Introduction

Advanced Statistical Methods

Finding Relationships Between Two Sets of Variables

Canonical correlation analysis identifies linear combinations of two variable sets that are maximally correlated, revealing the deepest relationships between paired multivariate data. Wilks' Lambda tests overall significance.

Psychology — Relate personality test batteries to behavioral outcome measures
Ecology — Link environmental variables to species abundance patterns across sites
Marketing — Connect consumer attitude surveys to purchasing behavior datasets

CCA reveals the hidden threads that bind two multivariate worlds together.

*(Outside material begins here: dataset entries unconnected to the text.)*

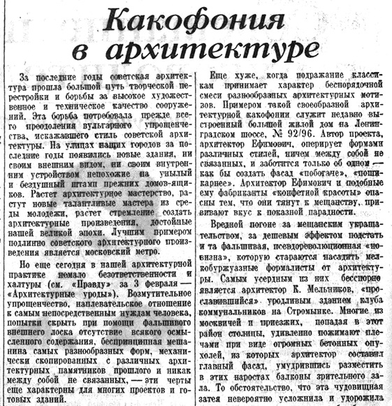 Мертвый культ формы, в котором Константин Мельников погребает свое незаурядное дарование, может проявляться в архитектуре и по-иному: печатью творческого бескрылья отмечены и работы тех, кто видит задачу советского архитектора в неразборчивом копировании различных старых стилей и наполняет свои проекты мешаниной форм, надерганных из различных памятников прошлого. Подобно тому, как архитектурные трюки [Мельникова] не имеют ничего общего с подлинным новаторством, так и упражнения в копировке бесконечно далеки от глубочайшей идеи творческого овладения классическим наследием. И в том, и в другом случае перед нами попытки уйти от нашей жизни и ее правды, уклонение от борьбы за советскую архитектуру157.
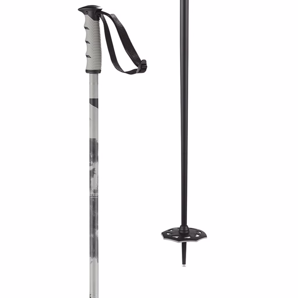 Salomon Steep Ski Poles – Ski these are freeride-oriented poles with heavy-duty aluminium shafts (≈ 18mm), a large powder basket (≈ 95mm), dual material ergonomic grip, carbide steel tip, multiple length sizes (100-135cm). Designed for handling aggressive terrain and deep snow.
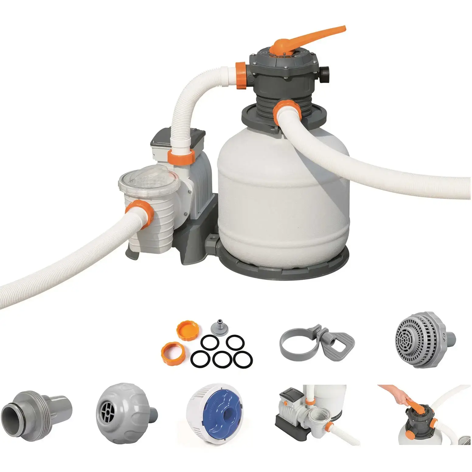 Песочный фильтр Bestway модели 58499 – это надежное решение для очистки воды в плавательных бассейнах объемом от 15 до 35 кубических метров. С его помощью вы сможете наслаждаться кристально чистой водой, не беспокоясь о механических примесях. Этот насос-фильтр обеспечивает высокую степень очистки, превосходя традиционные насосы с бумажными фильтрами.
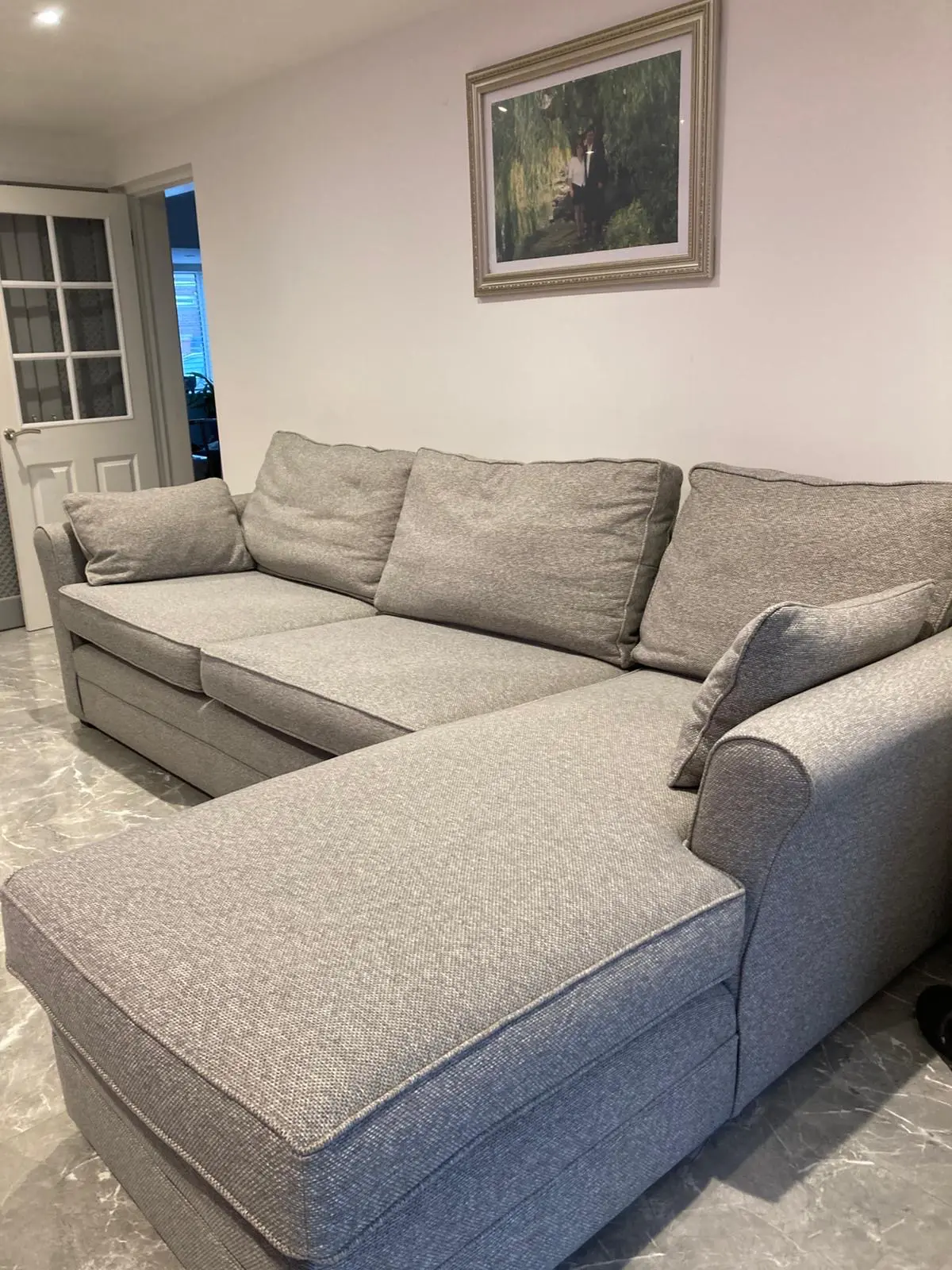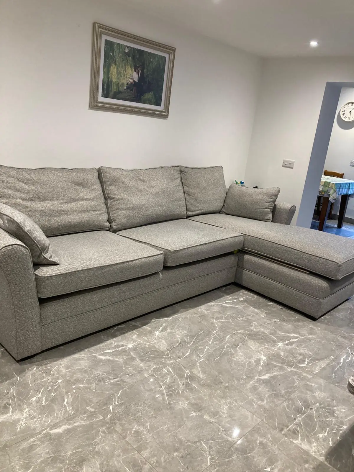 This spacious corner sofa offers excellent comfort and versatility for any living room. The L-shaped design features a generous chaise section that’s perfect for stretching out, plus ample seating for the whole family. The neutral styling and classic proportions make it suitable for both traditional and contemporary interiors. With its sturdy construction and comfortable cushioning, this sofa provides brilliant value for a large family piece.
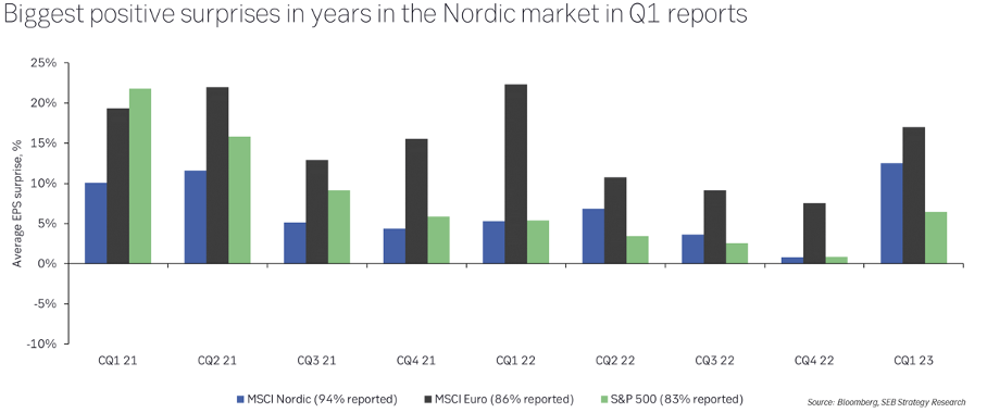 Farhågan om svaga börsrapporter kom på skam. Första kvartalets utfall blev väsentligt starkare än befarat. Såväl i Norden som i Europa och USA.
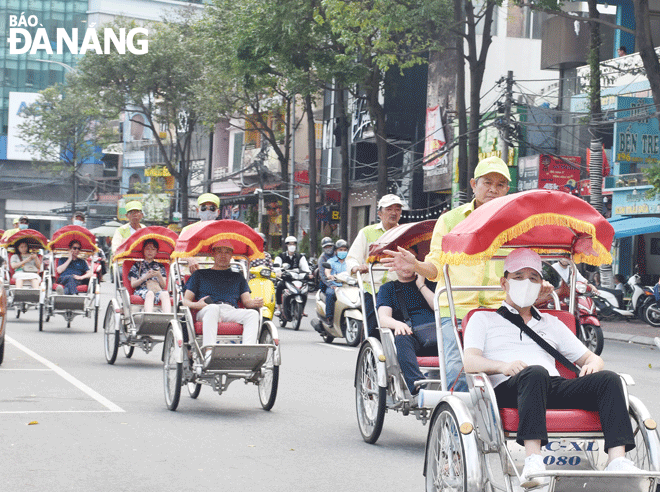Foreign visitors taking a cyclo tour in Da Nang. Photo: THU HA
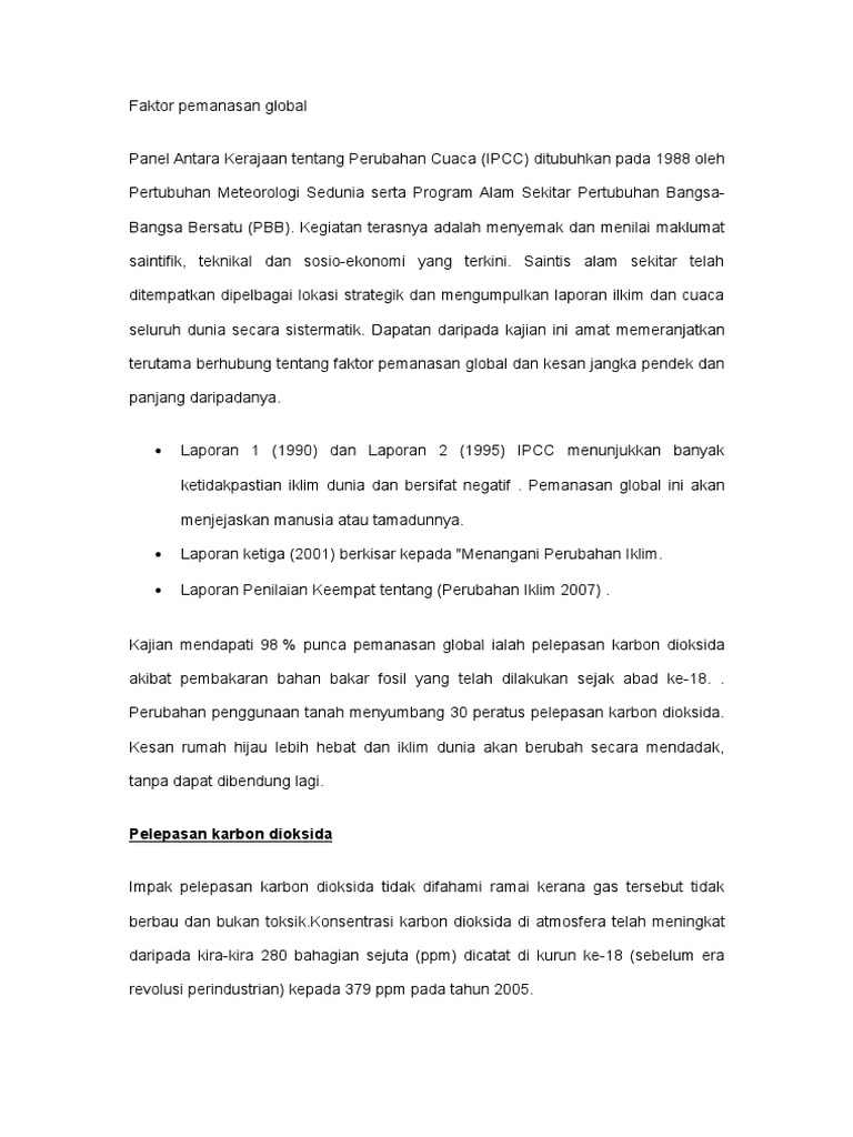 Bincangkan faktorfaktor yang menimbulkan keadaan. Selalu lah meng update blogger anda untuk anak anak yg lain mencari ilmu di semua media. Oleh itu penggunaan bahan kimia yang berbahaya dan tidak terkawal dapat menyumbang kepada berlakunya fenomena pemanasan global. 2013 at 6 26 am.

Canonical Correlation Analysis (CCA), introduced by Harold Hotelling in 1936, investigates the relationships between two sets of variables $\mathbf{X} = (X_1, \dots, X_p)^{\top}$ and $\mathbf{Y} = (Y_1, \dots, Y_q)^{\top}$ measured on the same $n$ subjects. Rather than examining individual bivariate correlations, CCA seeks linear combinations of each set that are maximally correlated with each other.

The method answers the question: What are the strongest possible linear relationships between two multidimensional datasets?

Mathematical Formulation

The Canonical Correlation Problem

Let $\boldsymbol{\Sigma}_{XX}$ ( $p \times p$ ), $\boldsymbol{\Sigma}_{YY}$ ( $q \times q$ ), and $\boldsymbol{\Sigma}_{XY}$ ( $p \times q$ ) be the within-set and cross-set covariance matrices. Without loss of generality, assume $p \leq q$ .

DfCanonical Variates

Canonical variates are linear combinations:

U = \mathbf{a}^{\top}\mathbf{X}, \qquad V = \mathbf{b}^{\top}\mathbf{Y}

that maximize the Pearson correlation $\text{corr}(U, V)$ subject to $\text{Var}(U) = 1$ and $\text{Var}(V) = 1$ .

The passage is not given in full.